|
|
Sekiz metreden fazla atlayamayız bizi aşar
Hava nasıl yağmurlu. Gök gürüldüyor, şimşek çakıyor. Ortalık gri. Bugün işe gitmesem? Akşama kadar uyusam? Olmaz mı?
Bazen hayatta her şey ters gider. Randevunuza geç kalırsınız. Yetişmeye çalışırken kolunuzu bacağınızı bir yerlere çarparsınız. O anda telefon çalar. Işıklar söner, vazoya eliniz takılır, yere devirirsiniz falan... Kötü bir günün ardından geç de olsa eve geldiğinizde bu sefer televizyonunuzun çalışmadığını fark edersiniz... İyi de ne oldu buna? Binada kablolu bağlantı olmadığı için üyesi olduğunuz Digitürk'ü ararsınız. - Alo, Digitürk çalışmıyor, acaba birini gönderebilir misiniz? - Nasıl bir haftadan önce olmaz mı? Bir hafta televizyonsuz mu oturacağım ben? - Kablo mu? Yok ki sizi satın aldım. - Hayır efendim, evde anten de yok.
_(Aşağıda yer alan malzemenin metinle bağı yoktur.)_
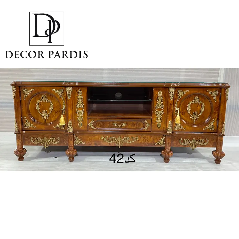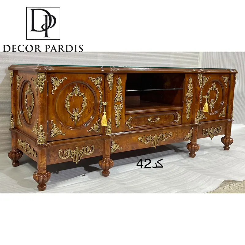 ارتقای ارزش دکوراسیونی: این میز تلویزیون منبت کاری شده با طراحی هنری خود، به عنوان نقطه کانونی دکوراسیون پذیرایی شما عمل میکند
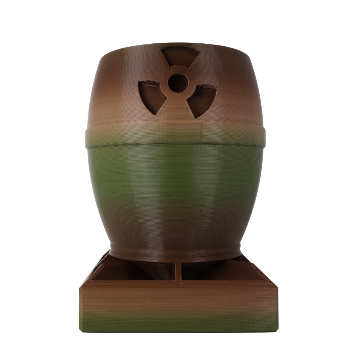 Filament PLA Rainbow Army Forest firmy Rosa3D pozwala przygotować wydruki 3D o niepowtarzalnej kolorystyce, militarnej kolorystyce. Każda szpula zawiera wielobarwną żyłkę w intensywnych odcieniach khaki, oliwkowej zieleni oraz brązu tworząc wyjątkowy gradient. Jedna szpula o wadze 1000g netto mieści w sobie 5 cykli przejść kolorów. W 200 g filamentu mieści się jeden cykl kolorystyczny. W zależności od dobranych parametrów druku (wielkość wydruku i gęstość wypełnienia), możesz zawrzeć w swoim modelu tyle kolorów, ile chcesz. PLA Rainbow Army Forest nie wymaga drukowania w zamkniętej komorze, wysokich temperatur ekstruzji, czy zmniejszania prędkości druku, dlatego można je stosować nawet na najprostszych urządzeniach. Ten filament charakteryzuje się niskim skurczem oraz pozbawiony jest specyficznego zapachu. Wydruki z PLA Rainbow Army Forest cechują się świetną adhezją międzywarstwową oraz bardzo dobrym odwzorowaniem szczegółów. UWAGA! Częstotliwość oraz kolejność przechodzenia kolorów jest ustalona dla danej serii produkcyjnej. W związku z tym, pojedyncza szpula może rozpocząć się od dowolnego punktu procesu. Dopuszczalne są różnice w odcieniach.

Siz akıl vermeyi bırakın da, en iyisi mi bana mümkün olduğu kadar çabuk birini gönderin.
***
Nasıl yağmurlu bir gün. Hani sanki yaz değil de sonbahar. Nasıl gri bir gökyüzü. İyi de bu akşamki program ne olacak? Hani bahçede 10-12 kişi toplanacaktık. Ne bahçesi ne toplanması allahaşkına? Sen en iyisi mi biraz daha uyu, baksana saat daha sekiz. O anda kapı çalar. Bu saatte? Kim ki? Önce kıyafet değiştirilir, gecelikle de kapı açılmaz ki... Sabahın sekizinde karşınızda iki görevli vardır. Kocaman bir gülümsemeyle biz "Digitürk'ten geldik" derler. "Dört gün oldu, bravo" diyerek alkışlarsınız karşınızdakileri... Şaka yapıyorum. Görevliler içeri girerler. Televizyona bakıp "Digitürk'te bir şey yok televizyonunun fişi takılı değil ki" derler. Önce tek tek onları sonra kendinizi vurmayı düşlersiniz... Ama olmaz. "Olur mu canım? Dün akşam çektim fişi. Buyurun bakın yine çalışmıyor." Bir süre kablolar ve minik siyah kutuyla ilgilenirler ardından vurucu cümle gelir. "Bizim bir çatıya bakmamız lazım." Çatı mı, ne çatısı? Yukarıyı işaret eder görevli, gülümseyerek. "İyi de çatının anahtarı yan binanın kapıcısında. Şu anda servistedir." Görevli yine gülümser. "Tamam, yan binanın çatısına çıkalım oradan buraya atlayalım." "Yok canım artık herhalde şaka yapıyorsunuz." Yüzünüze ciddi ciddi bakarlar. Şaka yapmıyorlar. İyi de yan çatı bizden alçak, yukarı doğru mu atlayacaksınız yani? Bir taraftan kahve aranırsınız. Acaba söylenenleri yanlış mı anlıyorum diye... Gök gürülder, şimşek çakar. Elinde alet çantası olan görevli "Kaç metre?" diye sorar. Nasıl? "İki çatı arası kaç metre?" Ne bileyim ben? "Eğer sekiz metreden fazla değilse atlarız. Yukarıya doğru da atlarız." Nerede bu kahve? Niye sigarayı bıraktım ki ben? "Ama" diye devam eder görevli "Sekiz metreden uzaksa bu iş bizi aşar." Gök gürülder, şimşek çakar. "Demek sekiz metre atlıyorsunuz, başka neler yapabiliyorsunuz? Düşüp ölürseniz fatura kime çıkıyor? Yok canım sadece merakımdan soruyorum. Örneğin elinizdeki çantalarla mı yoksa çantasız mı atlıyorsunuz? Eğer çanta yoksa ben o atlayışa atlayış demem ona göre. Yağmur faktörünü düşündünüz mü? Hani şimşek falan çakıyor da- ..." gibi cümleler kurarsınız. Sonra sevgiliniz "Sabahın bu saatinde nedir bu sohbet?" diye sonunda merak eder de size katılır. Ve vurucu cümleyi söyler. "Olmaz öyle şey, siz bugün gidin, daha sonra gelin." Gider yatar. Aaa niye ki? Biz burada atlayışın detaylarını konuşuyorduk oysa. Sıradan bir gündür işte, Türkiye'de.